For the entries below, repeat exactly each line starting with the one that contains "2004.007.0139.0021 雙十國慶閱兵大典蔣總統乘車揮手致意" and going on through the one that contains "Entrecôte Grelhado e", and no others.
[Opening Data section]
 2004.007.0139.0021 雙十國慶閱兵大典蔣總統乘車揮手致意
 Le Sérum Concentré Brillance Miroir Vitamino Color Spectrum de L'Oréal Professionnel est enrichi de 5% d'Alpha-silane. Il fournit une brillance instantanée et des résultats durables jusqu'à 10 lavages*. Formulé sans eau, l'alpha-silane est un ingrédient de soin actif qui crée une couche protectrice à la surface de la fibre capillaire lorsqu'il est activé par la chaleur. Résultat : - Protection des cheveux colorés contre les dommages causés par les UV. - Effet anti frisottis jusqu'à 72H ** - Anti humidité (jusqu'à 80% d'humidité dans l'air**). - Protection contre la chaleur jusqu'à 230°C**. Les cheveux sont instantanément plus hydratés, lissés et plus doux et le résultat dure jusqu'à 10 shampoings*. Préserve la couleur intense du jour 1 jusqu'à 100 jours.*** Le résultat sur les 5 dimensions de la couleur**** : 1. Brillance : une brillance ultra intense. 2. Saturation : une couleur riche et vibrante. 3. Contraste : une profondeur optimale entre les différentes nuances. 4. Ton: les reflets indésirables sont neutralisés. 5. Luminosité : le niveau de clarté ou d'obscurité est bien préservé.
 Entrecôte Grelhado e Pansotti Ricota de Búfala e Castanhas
[Closing Data section]
[Opening Data section]
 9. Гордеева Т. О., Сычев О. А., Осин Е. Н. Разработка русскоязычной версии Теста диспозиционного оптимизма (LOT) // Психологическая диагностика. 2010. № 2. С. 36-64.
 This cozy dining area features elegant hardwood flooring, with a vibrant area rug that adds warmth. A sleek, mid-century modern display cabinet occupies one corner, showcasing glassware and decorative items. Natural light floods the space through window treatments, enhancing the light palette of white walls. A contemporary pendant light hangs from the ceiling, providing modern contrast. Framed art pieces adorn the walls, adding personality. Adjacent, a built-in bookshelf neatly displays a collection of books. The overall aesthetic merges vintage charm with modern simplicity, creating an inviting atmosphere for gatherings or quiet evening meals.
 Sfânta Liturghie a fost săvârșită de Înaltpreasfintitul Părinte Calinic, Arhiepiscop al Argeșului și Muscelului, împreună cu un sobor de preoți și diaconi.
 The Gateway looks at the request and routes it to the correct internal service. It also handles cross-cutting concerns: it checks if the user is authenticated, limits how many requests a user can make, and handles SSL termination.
[Closing Data section]
[Opening Data section]
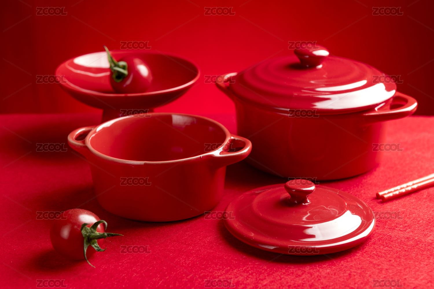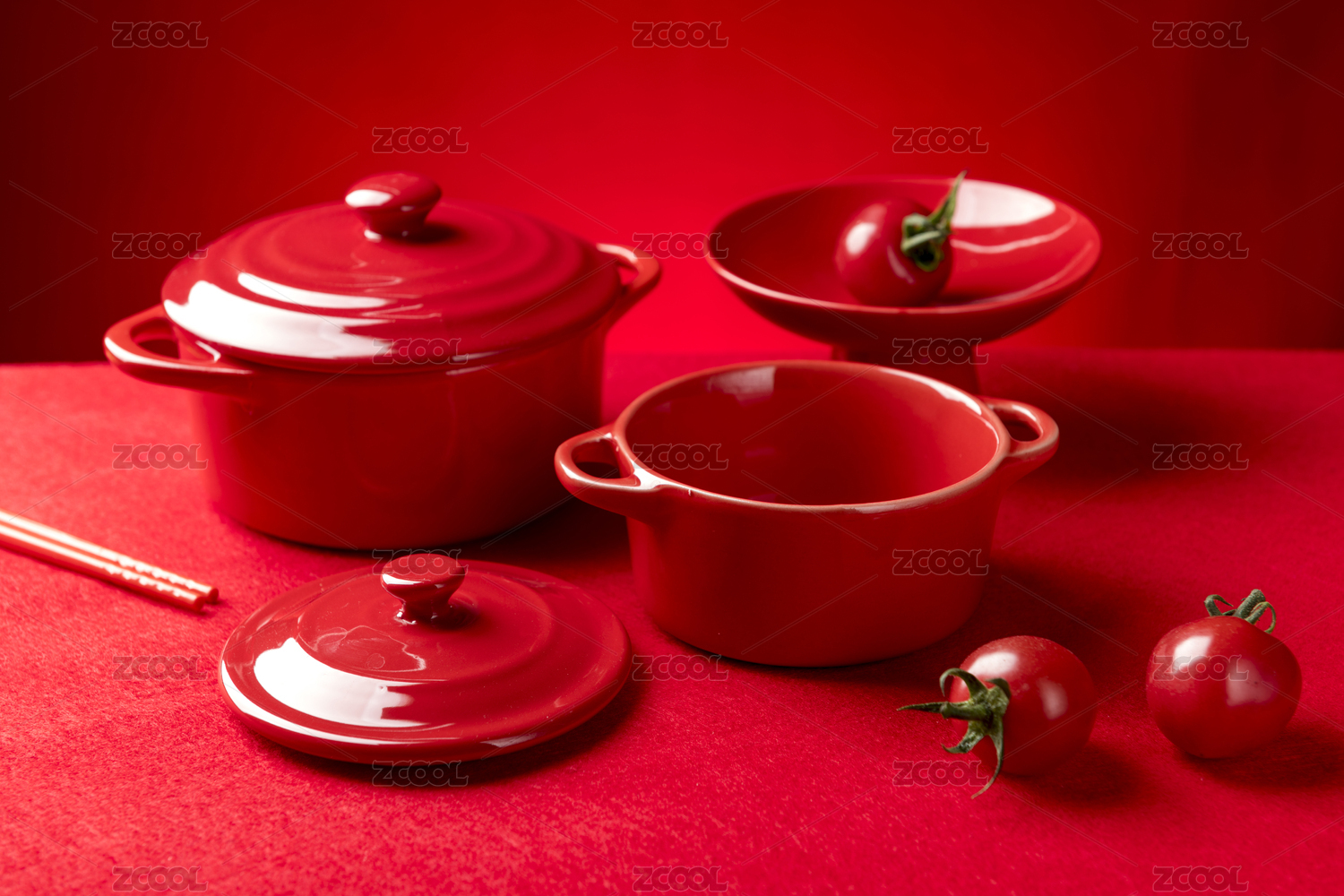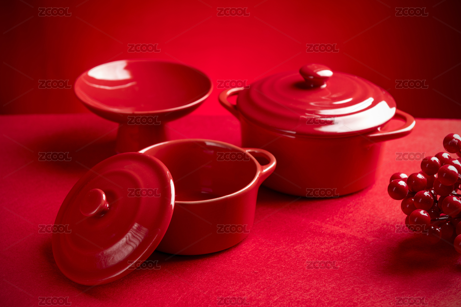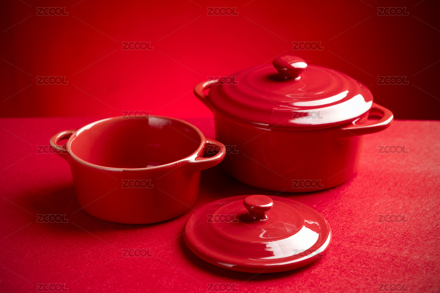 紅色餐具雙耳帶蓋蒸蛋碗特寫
[Closing Data section]
**Problem solution**
 2004.007.0139.0021 雙十國慶閱兵大典蔣總統乘車揮手致意
 Le Sérum Concentré Brillance Miroir Vitamino Color Spectrum de L'Oréal Professionnel est enrichi de 5% d'Alpha-silane. Il fournit une brillance instantanée et des résultats durables jusqu'à 10 lavages*. Formulé sans eau, l'alpha-silane est un ingrédient de soin actif qui crée une couche protectrice à la surface de la fibre capillaire lorsqu'il est activé par la chaleur. Résultat : - Protection des cheveux colorés contre les dommages causés par les UV. - Effet anti frisottis jusqu'à 72H ** - Anti humidité (jusqu'à 80% d'humidité dans l'air**). - Protection contre la chaleur jusqu'à 230°C**. Les cheveux sont instantanément plus hydratés, lissés et plus doux et le résultat dure jusqu'à 10 shampoings*. Préserve la couleur intense du jour 1 jusqu'à 100 jours.*** Le résultat sur les 5 dimensions de la couleur**** : 1. Brillance : une brillance ultra intense. 2. Saturation : une couleur riche et vibrante. 3. Contraste : une profondeur optimale entre les différentes nuances. 4. Ton: les reflets indésirables sont neutralisés. 5. Luminosité : le niveau de clarté ou d'obscurité est bien préservé.
 Entrecôte Grelhado e Pansotti Ricota de Búfala e Castanhas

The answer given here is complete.